To Buy or Not To Buy

Sara, like other mothers, always wants to provide her children with the best. She also wants to fulfill every desire of her children and buy them what they want. Most of the times, she does get whatever her kids wish for, but sometimes she doesn’t due to many reasons.

What perplexes her is that she has never seen her children content with anything, no matter how pretty or how expensive it is. They do not take care of their possessions and destroy them in a very small while. They don’t appreciate the stuff they have and are always whining about what they didn’t get. Despite getting most of their desires fulfilled, the kids still tell Sara that she has never bought her anything and that they know she won’t buy what they wish for. Sara and her husband are so disturbed due the ungratefulness of their children. It seems as if their desires can never be fulfilled.

This is something almost all parents have gone through at one time or another.

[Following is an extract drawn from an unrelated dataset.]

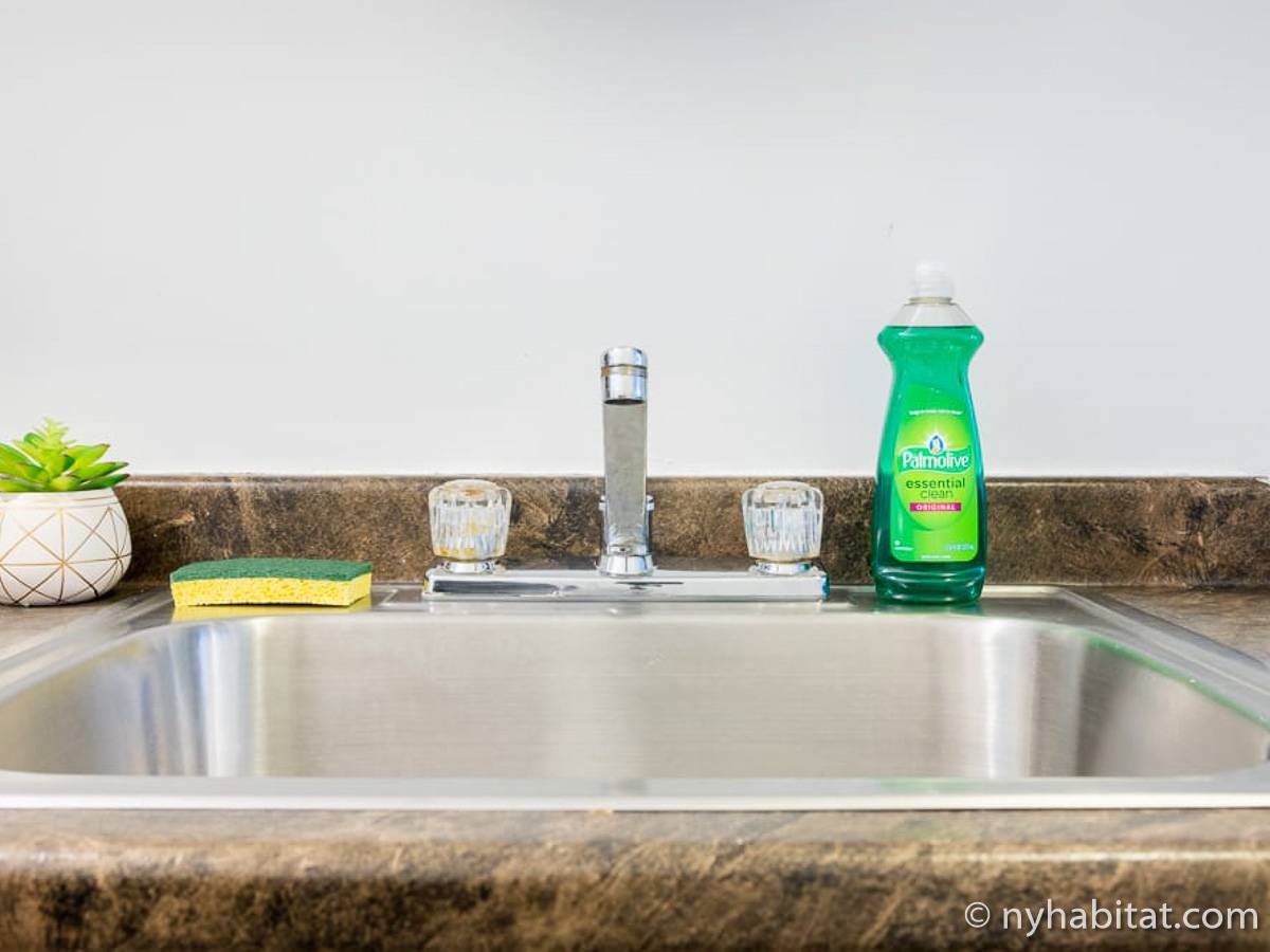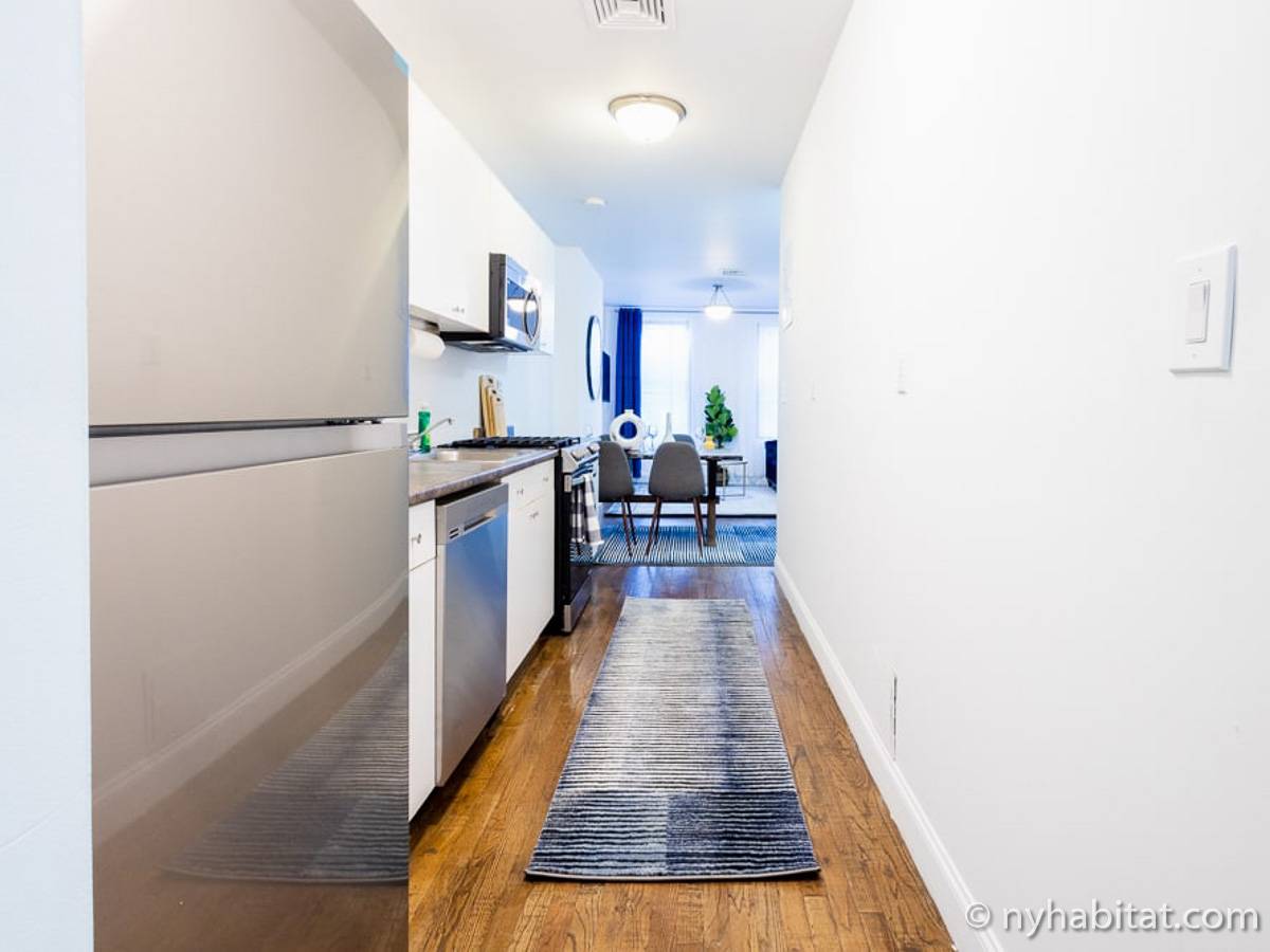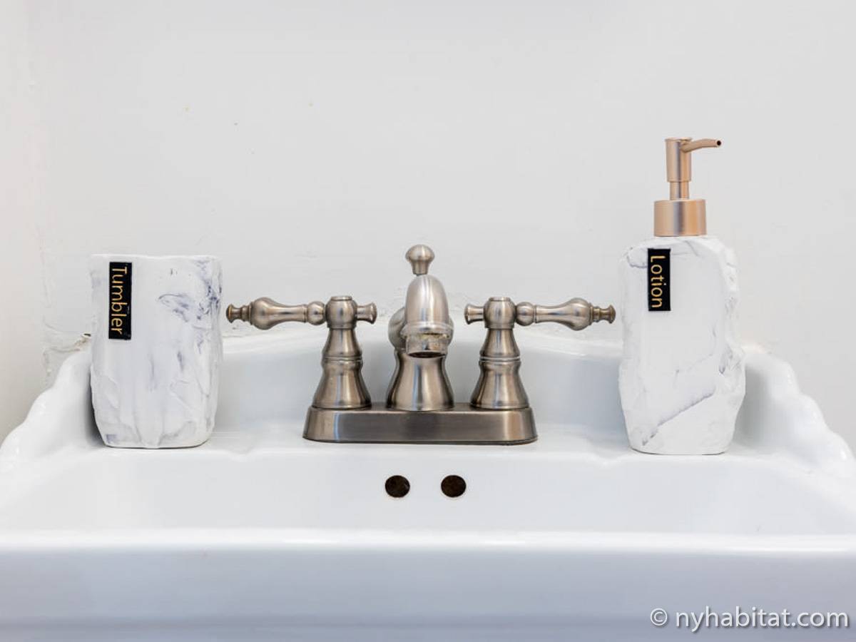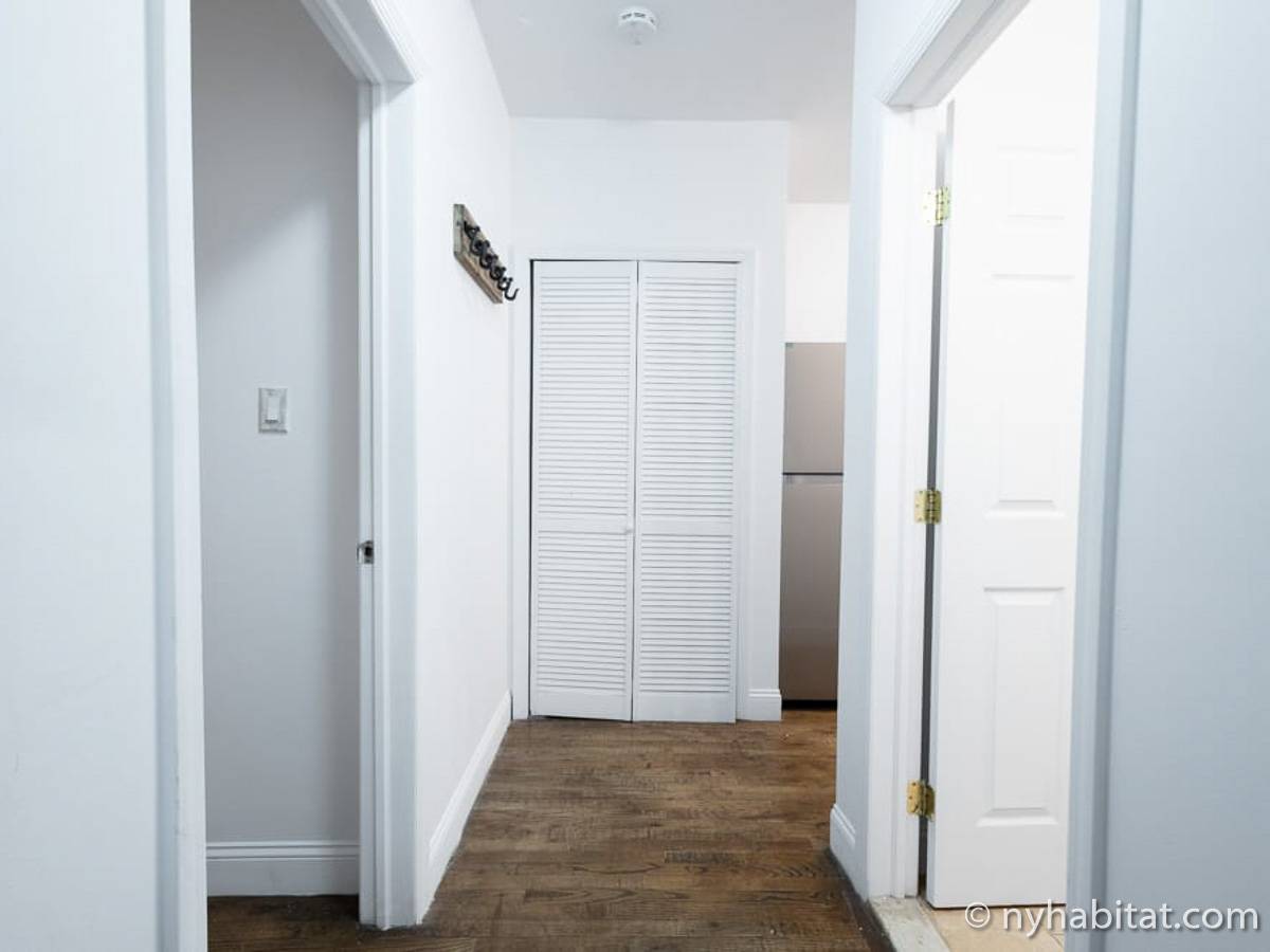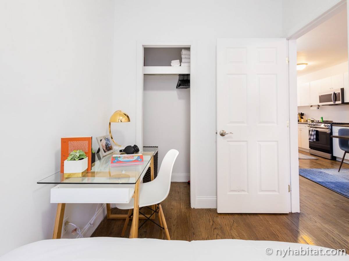 This Upper East Side furnished rental near the corner of 2nd Avenue and East 75th Street features a living room, kitchen, and in-unit laundry. In the living room, you can find a television, sofa, and dining area. Hardwood flooring here, and two windows, give the space a chic aesthetic. The open kitchen provides a stainless-steel refrigerator, freezer, oven, microwave, dishwasher, and coffee machine, as well as a toaster. All three bedrooms include a double-size bed, closet space, and air conditioning. The bathrooms have a shower with a built-in bathtub, and a pedestal sink.

Parents feel helpless when they see that their children do not appreciate the efforts and the love their parents are giving them, instead the kids behave rather insolently.

How can you combat it as a parent? How do you teach your child to care for personal possessions? More than that, what compels the children to behave in such a manner?

The first thing a parent needs to focus is their own attitude towards their purchases. What happens when we are out shopping? Those beautifully adorned windows and aisles grab our attention. We are attracted to them and wish to buy them all. We believe that we are wise and rightful to make the decision to buy something. We also express gloom when we are not able to get something we liked.  At the same time, we expect that children will not be attracted to worldly goods or express the desire to own them, which is quite contrary to the child’s nature.

A child is also a human being with emotions, likes and dislikes. While we find leeway for our materialistic behavior in a shop, we are not ready to accept that our children have their own level of wisdom that compels them to make a decision about the products they want to own. A parent first and foremost needs to learn that children have a will and a decision making process of their, just not yet developed to take all constraints into consideration before taking a decision.

What can a parent do to teach gratefulness and patience to a child? Begin by explaining your purchase decisions. If you liked something and decided not to buy it, discuss the reasons with your children that you left something you loved; maybe because of budget constraints, or for already many similar things, or that you plan to buy it later on. This teaches a child that purchases can be deferred or left altogether, despite liking the stuff very much. This teaches the children about not demanding everything they desire.

Secondly, we as parents need to adopt a thankful attitude. Express gratitude for what you have, and even when you do not buy material stuff. Teach children to give charity by doing the same and explaining to the child why it is a good idea to delay your own shopping and helping someone else.

Parents can also teach financial decisions to their children. You can assign them some pocket for a time duration, out of which they can fulfill their desires, but if they break their stuff, they will get their pocket only after this duration has ended. This can also teach children to be more mindful of their possessions.

It is also important to see what kind of environment the child is in. If the behavior of people around the child is bad, the destruction of possession can be a reflection of the emotional turmoil the child is. Such a child will need emotional support and counselling to get rid of his frustrations and anger.

At the end, children are not born with constructive or destructive attitudes and behaviors, it is the elders that channel any negative emotions into positive ones by making right decision consciously.